“然后那女人又走过去捡起伞,还在附近的地上捡起一只黑色塑料袋似的东西包起伞,随后再次把伞放在行车道上,等了三次红绿灯。”
“三次红绿灯?”
“对。绿灯变红灯,红灯再变绿灯,绿灯又变红灯——如此重复了三次……”
“你数得挺仔细嘛。”
“嗨,我这不是没事干嘛。”
“那人在等什么?”
“等汽车轧呀。”
“轧什么?”
“伞呗。”
“伞……你确定吗?肯定是伞?”
“千真万确!对面车道堵车了,这时碰巧驶来一辆车。那辆车无处可躲,就‘啪嗒’一声……”
“轧上了?”
“没错,轧上了。”
“然后呢?”
“那女人急忙跑过去捡起伞,要把弯了的伞撑开……”
“伞弯了?”
“弯了,软趴趴的,几乎快断了。”
“伞弯了,还要撑开?”
“是的。她把手伸到伞下,使劲撑伞,却撑不开……”
“伞都弯了,能撑开才怪吧。”
“没错,根本撑不开。”
“然后呢?她一赌气,把伞扔到了路边?”
“没有。她宝贝似的把伞拿在手里,穿过人行横道,回家了。”
“什么……那雨还下吗?”
“下得可欢了。”
“下得欢……”
“是的。”
“那她浑身湿透了?”
“对。”
“自毁雨伞,身上不湿才怪……”
“是啊,浑身湿透,而且天气很冷。
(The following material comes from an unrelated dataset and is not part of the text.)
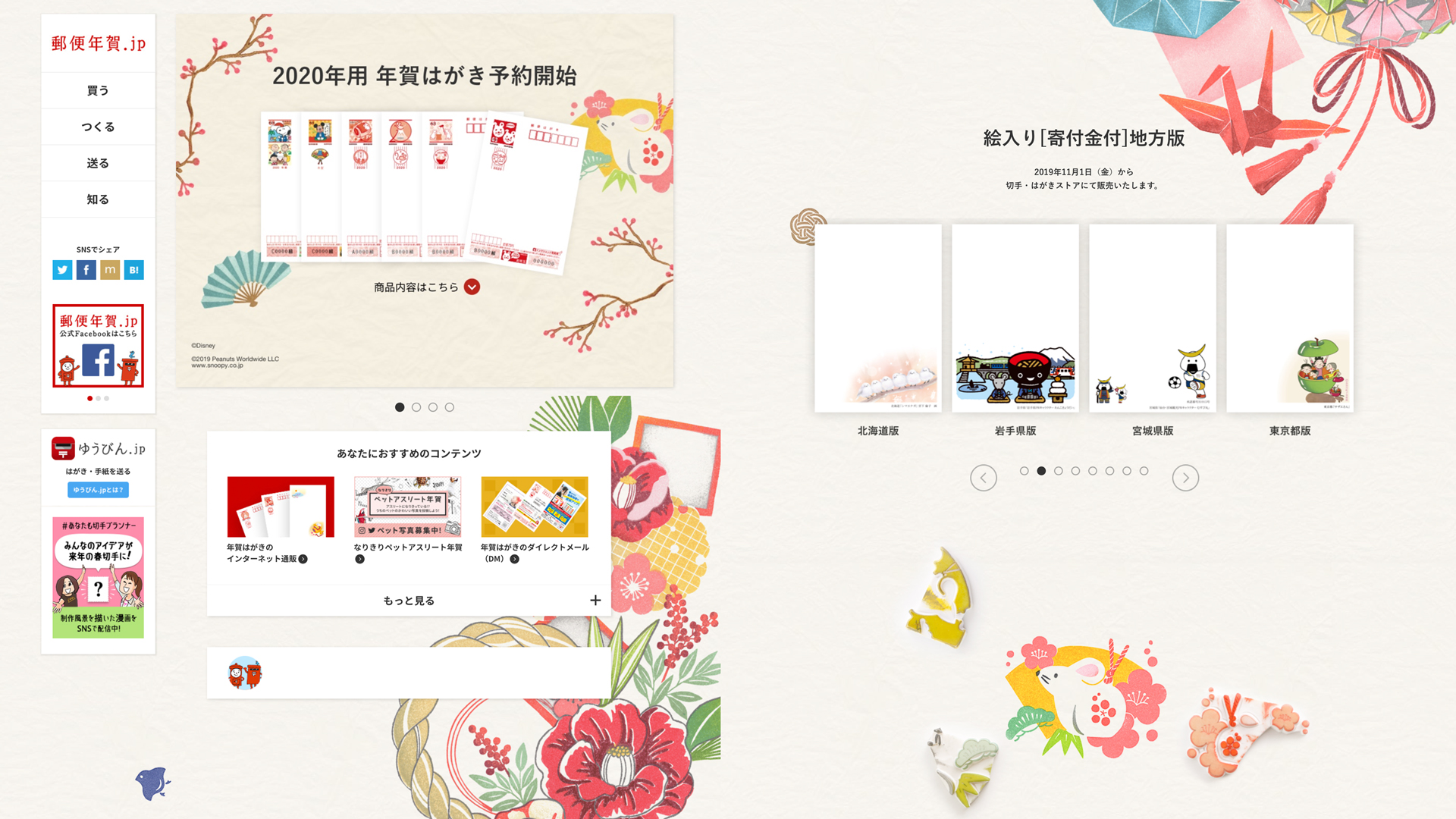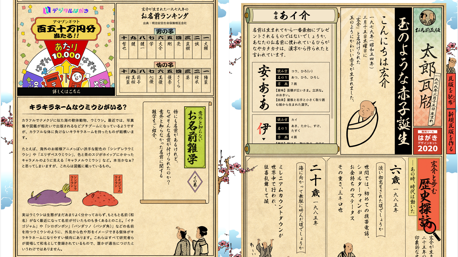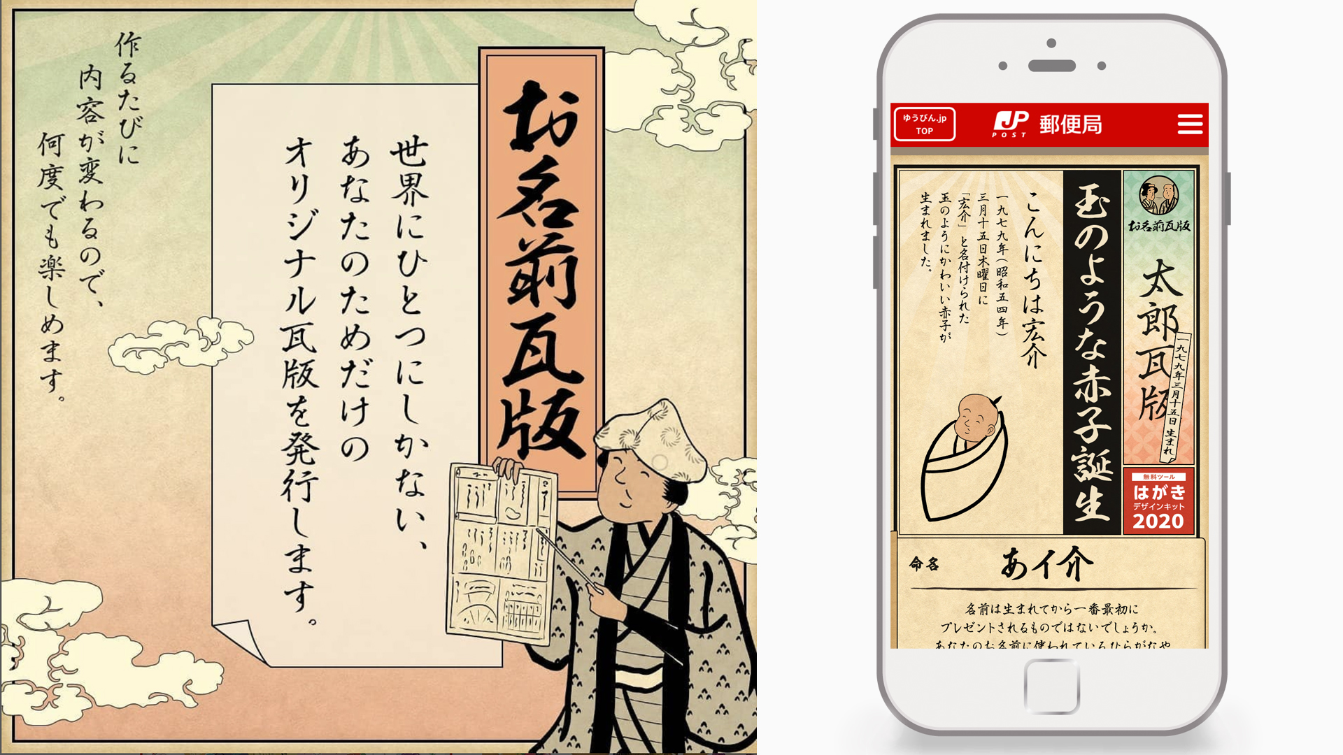 郵便年賀.jp 2020年度 年賀はがきのプロモーションサイト「郵便年賀.jp」2020年度版。消しゴムはんこアーティストの田口奈津子氏とコラボ。前年に好評だった「ニッポンの名字」の第二弾として、自分の名前の瓦版がつくれる「お名前瓦版」などのコンテンツを企画・制作。 Client 日本郵便株式会社 Role Creative Direction +Planning +Copywriting Category web Next Work Works Top Previous Work ティザーサイト お名前瓦版 お名前瓦版 ペットアスリート年賀状 2020年用オリジナル年賀状デザイン

”
“她还有别的伞吗?”
“没了,就那一把。”
“什么……嗯……她的行为真让人捉摸不透啊。”
“是啊,她到底想干什么呢?”
“嗯,这事儿有些蹊跷。如果哪位听众朋友知道,还请致电栏目组。电话是东京03-8946-00**。不过,我想没人知道吧。那女人可能只是喝醉了。”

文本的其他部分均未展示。